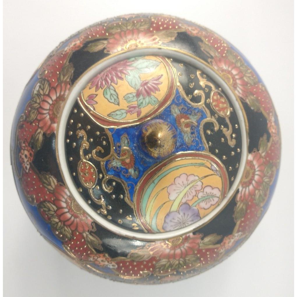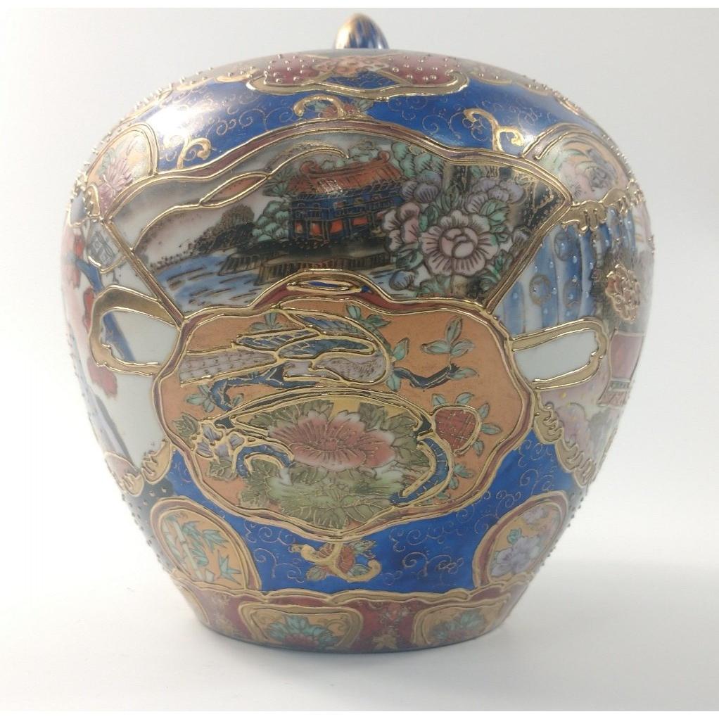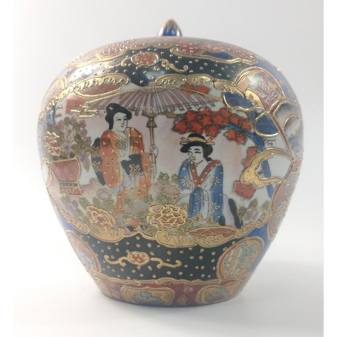 A highly decorated Oriental jar with lid decorated with court ladies and gilt highlights, stands 20cm handsApprox 1 pieces
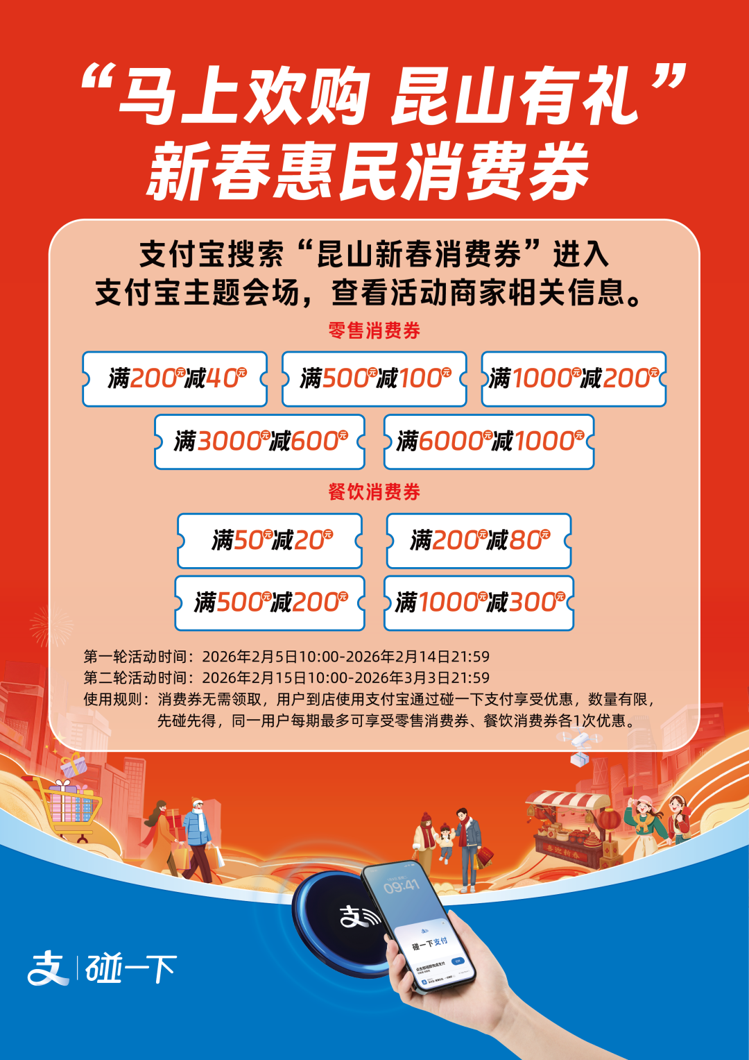 [百姓话题]乐购新春 | 昆山1000万新春惠民消费券,2月5日支付宝接棒宠粉! [复制链接]
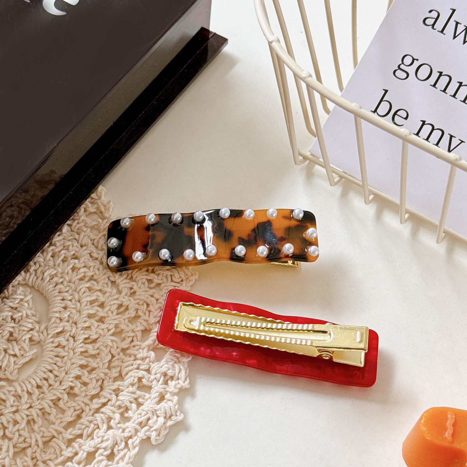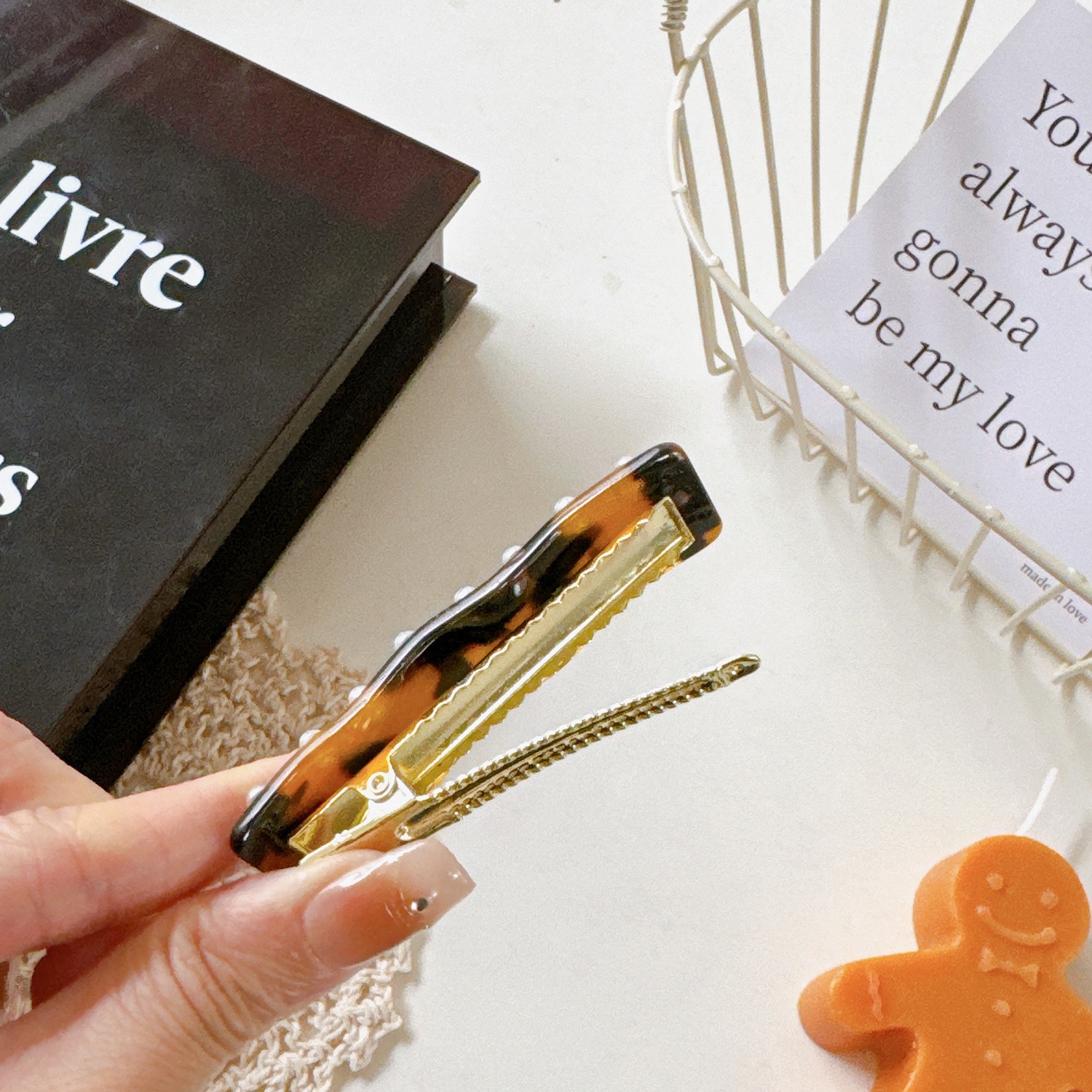 醋酸板材波浪镶珍珠夹子高级感刘海侧边夹百搭马尾鸭嘴夹
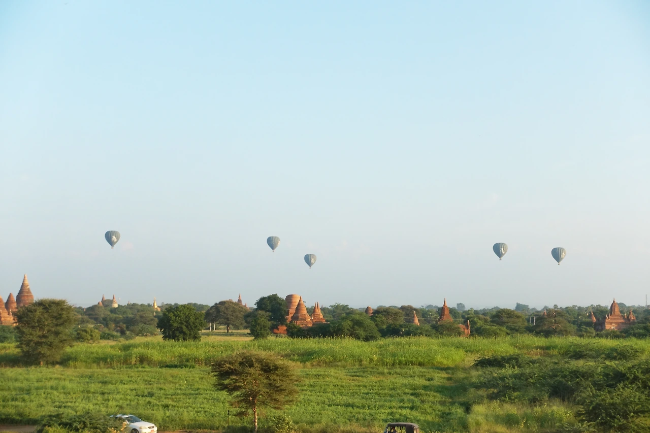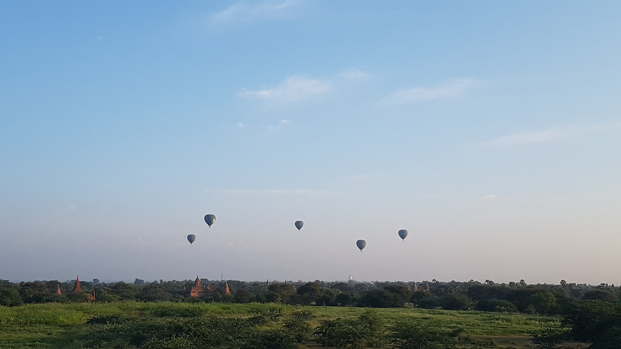 해가 다 떠오르고 단체 관광객이 떠나가고 한적해진 일몰 포인트엔 아직 꽤 많은 사람들이 남아 있었는데 열기구가 떠오르는 모습을 보기 위해서였다. 열기구는 10월을 시작으로 연초까지만 운행하는데 가장 절정은 12월에서 1월이 가장 예쁠 때라고 한다. 그 사실까지 알고 간 건 아니었는데 마침 그곳에서 바간에 올 때 나와 같은 버스를 타셨던 한국 분을 우연히 다시 만나게 되어 이야기 나누며 얻은 팁이었다.
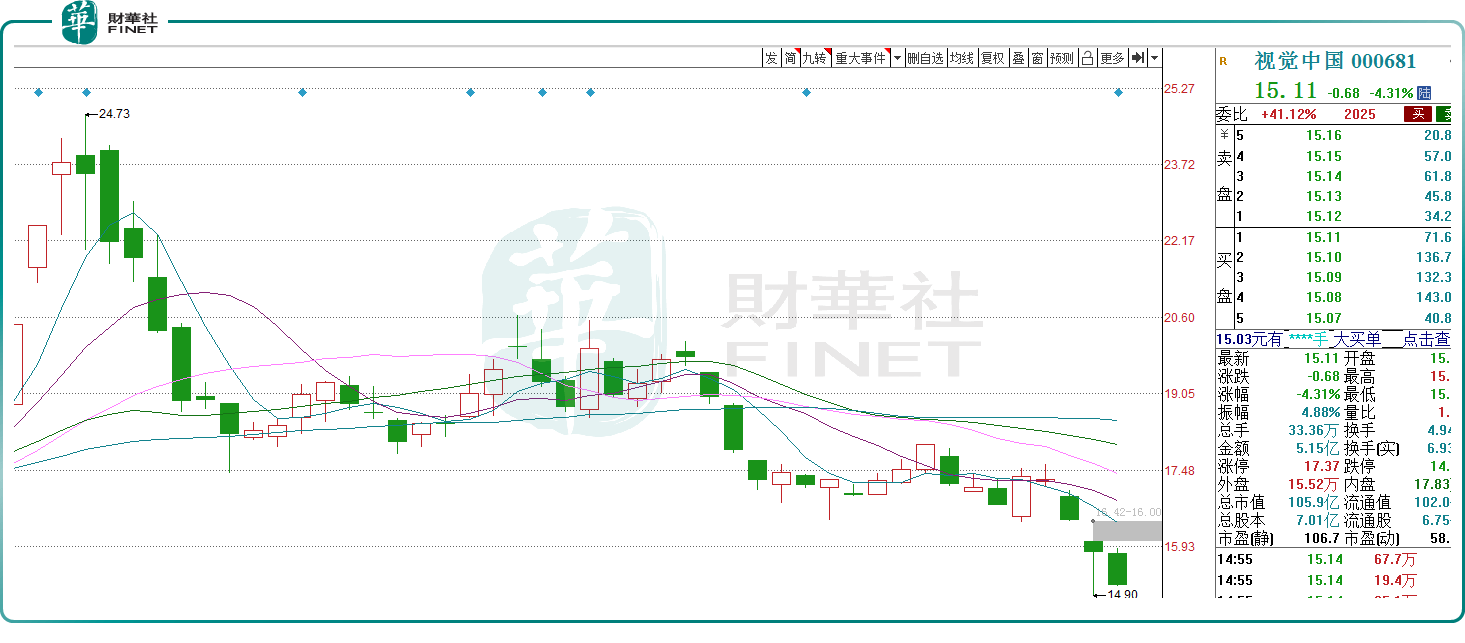 业绩录得增长,然而股价并不给面子,8月18日,视觉中国继续下挫4.31%,报收15.11元/股,延续近几日的羸弱走势,近三个交易日公司累计下跌12.51%,市值蒸发超15亿元。
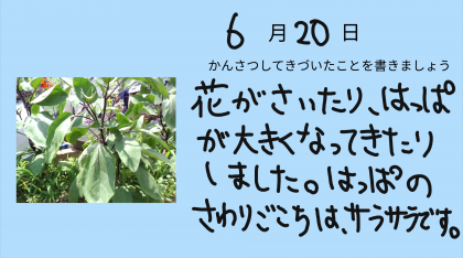 今週は天候に恵まれ、水やりを頑張りました!なすは、そろそろ収穫できそうです。

****************

● Task brief: Repeat word for word the lines above, from the first entry through the line containing "醋酸板材波浪镶珍珠夹子高级感刘海侧边夹百搭马尾鸭嘴夹", with both ends kept and the pictures dropped.

● Solution below:
 A highly decorated Oriental jar with lid decorated with court ladies and gilt highlights, stands 20cm handsApprox 1 pieces
 [百姓话题]乐购新春 | 昆山1000万新春惠民消费券,2月5日支付宝接棒宠粉! [复制链接]
 醋酸板材波浪镶珍珠夹子高级感刘海侧边夹百搭马尾鸭嘴夹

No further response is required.